Central banks of the world, unite!
First it was European Central Bank boss Mario Draghi, telling markets how determined he was not to let inflation get the upper hand. Look out for more money printing by March, he said.
China’s central bank ably supported Draghi, injecting $61 billion of liquidity into its market on Friday. Punters smelled a combined central bank rescue, and bid all riskier assets higher.
Bloomberg captured the sentiment:
‘The turnaround in sentiment came amid signs central banks may be prepared to act after $7.8 trillion was erased from the value of global equities this year on China’s slowdown and oil’s crash. Diminished inflation expectations and a strengthening yen are seen as increasing pressure on the Bank of Japan to enlarge stimulus at its meeting next week. China will keep intervening in its equity market to “look after” investors and has no intention of further devaluing the yuan, Vice President Li Yuanchao said.’
The bastions of capitalism have clearly taken the world’s most recognisable socialist slogan. Central banks of the world are uniting, in a fight against…market forces!

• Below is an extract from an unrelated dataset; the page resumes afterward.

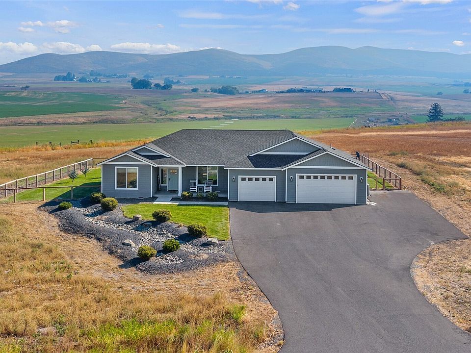Built in 2021 & perched on 4.78 irrigated acres, this spacious custom home features luxe upgrades including an airy kitchen with quartz countertops, a butler’s pantry with built-in Monogram refrigerator, a touch faucet, under cabinet lighting, large island, 3 car attached garage, and more. Taking up 2,242 sqft of living space are 4 bedrooms, 1.75 bathrooms, an open concept kitchen with dining area that flows into the great room, and a utility room with a built-in dog wash. Through the sliding glass doors, you’ll discover the covered back patio looking over the fully fenced backyard with built in sprinklers and beautiful Badger Pocket views. Experience expansive country living without sacrificing modern comforts, schedule your tour today!

Oh the irony. The socialists and central planners are in charge, and we all think they are the captains of capitalism! The mainstream media are especially complicit in all this. They slavishly report on every utterance, yet never question the actions and their usefulness.
Let’s see…who would you rather side with, socialist Ben Bernanke or capitalist George Soros?
Last week, I pointed out how Bernanke said investors had no cause to worry about China’s economy. It’s all good, he said, the planners have things under control.
But on Friday, in an interview with Bloomberg, George Soros was a little more bearish…
‘Billionaire investor George Soros said China’s economy is headed for a hard landing, a slump that will worsen global deflationary pressures, drag down stocks and boost U.S. government bonds.
‘“A hard landing is practically unavoidable,” he said in an interview with Bloomberg Television’s Francine Lacqua from the World Economic Forum in Davos on Thursday. “I’m not expecting it, I’m observing it.”’
I’d back Soros over Bernanke any day. But that’s not to deny the power of central banks. The prospect of more intervention gave stocks a big boost on Friday and these hopes should continue to support prices in the short term.
Keep in mind though, markets were extremely oversold and waiting for an excuse to bounce. Once balance returns to prices, you’ll have a better idea of the market’s longer term health.
From a bigger picture perspective though, you have to wonder how long investors and speculators will keep the faith with central bank strategy. George Soros seems to think their words might not translate into actions big enough to have a meaningful effect.
And more broadly, I’m wondering at what point it will dawn on these people that perpetually low interest rates and money printing actually creates deflation in the real economy.
The reason is pretty simple. You just need to separate the real economy from the financial economy to see how.
Lowering interest rates and printing money leads to inflation in assets prices (for obvious reasons) but it exerts a deflationary force on the real economy.
Well, low interest rates reflect an abundance of capital. Businesses deploy this capital to create a vast supply of goods and services. Against this vast supply, you have only tepid demand.
We know demand is tepid because of the amount of debt in the world. A simple explanation for debt is that it is future demand brought into the present. In other words, the world’s huge outstanding debt reflects future demand already consumed.
But against this weak demand environment, you’ve got lots of supply, created by low interest rates and abundant capital. When supply exceeds demand, prices fall. Falling prices equal deflation.
The cure for deflation in a highly indebted economy is to reduce supply. But when interest rates are low and demand is weak, the only option is for businesses to produce as much as they can. This, of course, makes the situation worse.
Only higher interest rates will create inflation in the REAL economy. Higher interest rates would knock out the zombie companies creating excess supply. Lower supply would eventually work its way into higher prices, and voila, you get inflation.
But…but…central bankers will never accept this. While higher interest rates will eventually lead to inflation in the real economy, they will immediately cause deflation in the financial economy.
You’re seeing this now (following the US Federal Reserve’s recent interest rate hike). Central bankers, being the elite socialists that they are, think that increasing asset prices (the wealth effect) is the key to creating an economic recovery.
This fits with the socialist mindset. That is; create money without working and disperse it, thinking it will lead to sustainable growth. Growth off ‘other people’s money’.
It’s a pipedream. Their strategy is flawed.
The question is: how long it will take the market to work this out? Will it go along with another round of stimulus? Or will it start to call the central bankers bluff?
I don’t know the answer. As I’ve recently written, it feels like the mood of the market is different now. The bullish mentality has given way. I don’t think tough talking from Draghi will change that.
On the other hand, if the US Federal Reserve turns around and starts talking about more stimulus, that could fire markets up. But does the Fed want to look that panicked and indecisive, so soon after raising rates?
There are more questions than answers as we start another week, dear reader. My view is that stocks are just rebounding from an oversold level. It’s a bear market rally. Stay defensive.